This month, I’ve been working on a neural network to describe in a sentence what’s happening in a picture, otherwise known as image captioning. My model roughly follows the architecture outlined in the paper “Show and Tell: A Neural Image Caption Generator” by Vinyals et al., 2014.
A high level overview: the neural network first uses a convolutional neural network to turn the picture into an abstract representation. Then, it uses this representation as the initial hidden state of a recurrent neural network or LSTM, which generates a natural language sentence. This type of neural network is called an encoder-decoder network and is commonly used for a lot of NLP tasks like machine translation.
Above: Encoder-decoder image captioning neural network (Figure 1 of paper)
When I first encountered LSTMs, I was really confused about how they worked, and how to train them. If your output is a sequence of words, what is your loss function and how do you backpropagate it? In fact, the training and inference passes of an LSTM are quite different. In this blog post, I’ll try to explain this difference.
Above: Training procedure for caption LSTM, given known image and caption
During training mode, we train the neural network to minimize perplexity of the image-caption pair. Perplexity measures how the likelihood that the neural network would generate the given caption when it sees the given image. If we’re training it to output the caption “a cute cat”, the perplexity is:
P(“a” | image) *
P(“cute” | image, “a”) *
P(“cat” | image, “a”, “cute”) * …
(Note: for numerical stability reasons, we typically work with sums of negative log likelihoods rather than products of likelihood probabilities, so perplexity is actually the negative log of that whole thing)
After passing the whole sequence through the LSTM one word at a time, we get a single value, the perplexity, which we can minimize using backpropagation and gradient descent. As perplexity gets lower and lower, the LSTM is more likely to produce similar captions to the ground truth when it sees a similar image. This is how the network learns to caption images.

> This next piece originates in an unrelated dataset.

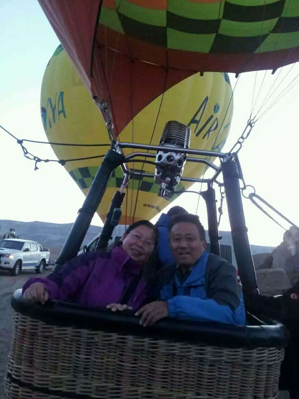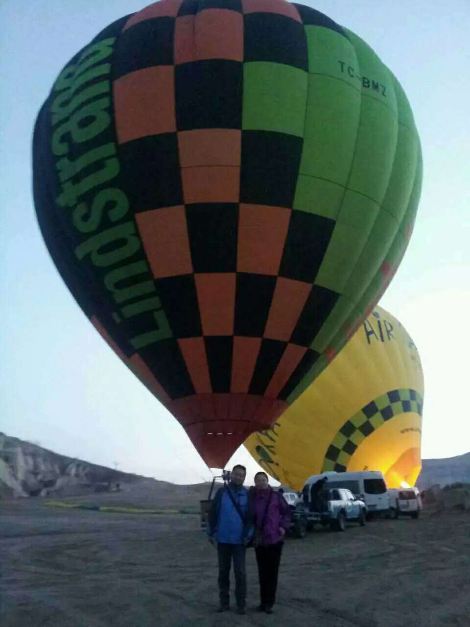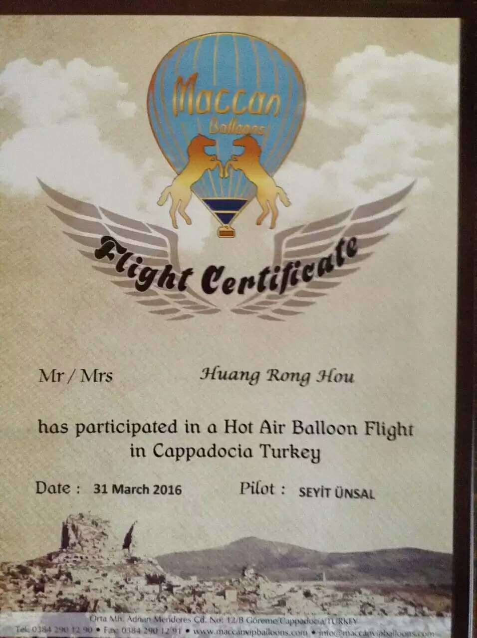 令人惊叹的热气球之旅,终生难忘的经历!我们时而在七百多米高空盘旋,俯瞰状如月球表面的地貌。时而在山谷延岩石穿梭,近观不同色彩的山谷。六百万年火山灰形成的杰作,感叹大自然的鬼斧神工!今天天气格外晴朗,驾驶员塞义夫是前土耳其空军飞行员出生,驾驶热气球技术高超,既能飞到很高的高度,又能贴近地面飞行,最绝的是一次性直接软着落在拖车上。他为人特幽默。问我们是不是第一次坐热气球。当我们回答是时,他笑道他也是。其实他驾驶热气球八年,二千四百多次,零事故!他还说他气球的小名叫泰坦尼克!他的风趣一下子缓解了一点点的紧张气氛!同坐气球的二𠆤瑞士女孩略显拘谨!按传统我们降落后塞义夫开了瓶香槟,酒喷在我们身上祝福我们今后幸运。并且还给我们颁发了证书。难怪美国国家地理杂志把这儿热气球之旅评为世界十大激动人心之旅,与地球北极之旅,西藏珠峰之旅齐名!名符其实!

Above: Inference procedure for caption LSTM, given only the image but no caption
During inference mode, we repeatedly sample the neural network, one word at a time, to produce a sentence. On each step, the LSTM outputs a probability distribution for the next word, over the entire vocabulary. We pick the highest probability word, add it to the caption, and feed it back into the LSTM. This is repeated until the LSTM generates the end marker. Hopefully, if we trained it properly, the resulting sentence will actually describe what’s happening in the picture.
This is the main idea of the paper, and I omitted a lot details. I encourage you to read the paper for the finer points.
I implemented the model using PyTorch and trained it using the MS COCO dataset, which contains about 80,000 images of common objects and situations, and each image is human annotated with 5 captions.
To speed up training, I used a pretrained VGG16 convnet, and pretrained GloVe word embeddings from SpaCy. Using lots of batching, the Adam optimizer, and a Titan X GPU, the neural network trains in about 4 hours. It’s one thing to understand how it works on paper, but watching it actually spit out captions for real images felt like magic.
Above: How I felt when I got this working
How are the results? For some of the images, the neural network does great:
“A train is on the tracks at a station”
“A woman is holding a cat in her arms”
Other times the neural network gets confused, with amusing results:
“A little girl holding a stuffed animal in her hand”
“A baby laying on a bed with a stuffed animal”
“A dog is running with a frisbee in its mouth”
I’d say we needn’t worry about the AI singularity anytime soon 🙂
The original paper has some more examples of correct and incorrect captions that might be generated. Newer models also made improvements to generate more accurate captions: for example, adding a visual attention mechanism improved the results a bit. However, the state-of-the-art models still fall short on human performance; they often make mistakes when describing pictures with objects in unusual configurations.
This is a work in progress; source code is on Github here.